Court strikes COPA, again
By Jen Colletta
PGN Staff Writer

© 2008 Philadelphia Gay News

The Third Circuit Court of Appeals again ruled that the Child Online Protection Act is unconstitutional.

The law seeks to force all Web sites that contain material that could be considered “harmful to minors” to verify that visitors to their sites are over 18 by requesting credit-card information or through other means. The legislation would delineate which content would be restricted based on “contemporary community standards.”

Those who violated the crime could be fined up to $50,000 and/or imprisoned up to six months.

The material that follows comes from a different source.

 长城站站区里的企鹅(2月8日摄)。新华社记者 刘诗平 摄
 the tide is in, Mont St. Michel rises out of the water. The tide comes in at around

The July 22 ruling marks the third time the appeals court has ruled against COPA.

Congress passed COPA in October 1998, and President Clinton signed it into law shortly thereafter.

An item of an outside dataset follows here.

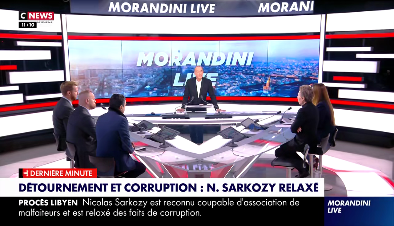 Sur CNews, fait rarissime, Morandini fait carrément changer le bandeau en direct quand il constate que celui-ci insiste sur la condamnation : "C'est dommage (...) on va retenir juste qu'il est coupable d'association de malfaiteurs et on va oublier qu'il est relaxé pour recel de détournements de fonds publics et pour corruption passive alors que c'est le plus important, donc on va changer le bandeau parce que j'aimerais bien qu'on soit sur l'essentiel de ce dossier"

But a group of plaintiffs, including PGN, filed suit, challenging the constitutionality of the law. Several of the plaintiffs argued that restricting access to information on their Web sites could prevent Internet users — both youth and adults — from obtaining vital sexual-health information and advice and resources on LGBT issues, as some individuals could argue that these sites pose a threat to minors.

The District Court for the Eastern District of Pennsylvania issued an injunction in 1998 banning the federal government from enforcing the legislation. The Department of Justice appealed this decision, but the Third Circuit Court of Appeals rejected that appeal the following year, ruling that the legislation’s stipulations were too vague.

The case went before the Supreme Court in 2002, which found that COPA was potentially unconstitutional if there were other technological means of protecting children from viewing objectionable material.

The Third Circuit again considered the case in 2003 and ruled that COPA was unconstitutional and violated citizens’ right to free speech.

DOJ attorneys again brought the case before the Supreme Court in 2004, which remanded the case to District Court for a trial. In March 2007, U.S. District Court Judge Lowell Reed found that COPA violated the First and Fifth Amendments.

The DOJ again appealed this decision, which led to this week’s ruling.

The most recent case was heard before Judges Thomas Ambro, Michael Chagares and Morton Greenberg.

In writing the court’s opinion, Greenberg said that COPA could not withstand tests of vagueness or overbreadth and failed to meet an analysis of strict scrutiny, which dictates that a law “must serve a compelling governmental interest, be narrowly tailored to achieve that interest and be the least restrictive means of advancing that interest.”

Although Greenberg acknowledged that COPA does seek to serve the governmental interest of protecting minors from sexually explicit material on the Internet, he noted that there are other, less restrictive means of achieving this goal.

Aden Fine, senior staff attorney with the American Civil Liberties Union’s First Amendment Working Group, which has represented the plaintiffs since the beginning of the litigation, said Internet protection should come at a less-expensive price than the public’s right to view important information and the providers’ right to distribute that material.

“There are more effective, less intrusive tools available to limit what minors can access on the Internet,” Fine said. “Our clients provide valuable and necessary health and news information. Preventing adults from accessing this information under the guise of protecting children is not permissible.”

The DOJ can now either petition the Third Circuit Court of Appeals to have the case heard before the entire court or can file a petition for a writ of certiorari for the Supreme Court to again hear the ruling.